The interpretations of later church fathers, who came from a different culture, seem to be out of place. Also, with the furtherance of Western individualism, reading this text without a correct first century Jewish understanding, proves to be fatalistic. This text is simply not written to 21st Century Western Christians.

Scripture quotations are from the Revised Standard Version of the Bible, copyright © 1946, 1952, and 1971 the Division of Christian Education of the National Council of the Churches of Christ in the United States of America. Used by permission. All rights reserved.

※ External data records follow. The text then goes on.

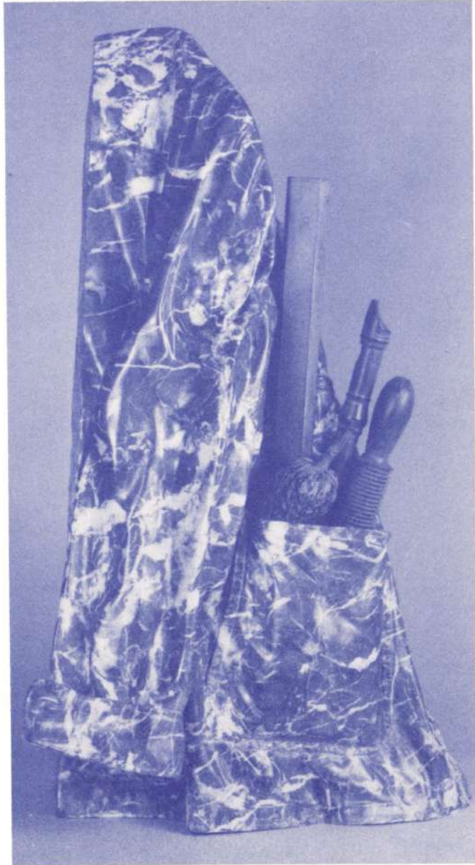
"Una Chaqueta" 1990 Mármol de Carrara y Bronce Altura: 80 cm.
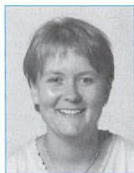
Trille Hertz Kemi/matematik/ naturfag
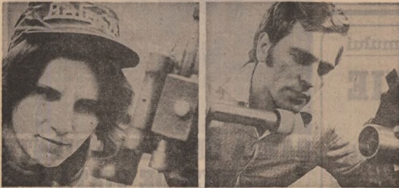
Fotografie de GHEORGHE CUCU
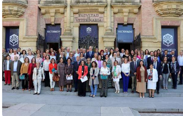
Foto de familia de los asistentes a la celebración del Patrón de la Enfermería, San Juan de Dios, organizada por el Colegio de Córdoba

El Colegio de Enfermería de Córdoba ha resaltado su apuesta por el desarrollo profesional y competencial de la profesión. Además, el Colegio reclama su participación en la Comisión Provincial de Agresiones a profesionales del

Click here to read more interpretations of Romans 9.


2 thoughts on “Crosstheology on Romans 9

  1. v.6a: What is Paul referring to when he says, “it is not as though the word of God has failed”?

    vv.6b-10: Which two Israels is Paul referring to here?


    1. Just like John the Baptist, who said God can make children of Israel out of rocks, Paul says that it is not because you are born a Jew, that you are unconditionally elected (“we are sons of Abraham” – against the Pharisees and the Calvinists). God is not forced to save disloyal Jews. God’s promise hasn’t failed because God saves those of faith (“In Isaac shall thy seed be called” and see the rest of Romans 9-11.)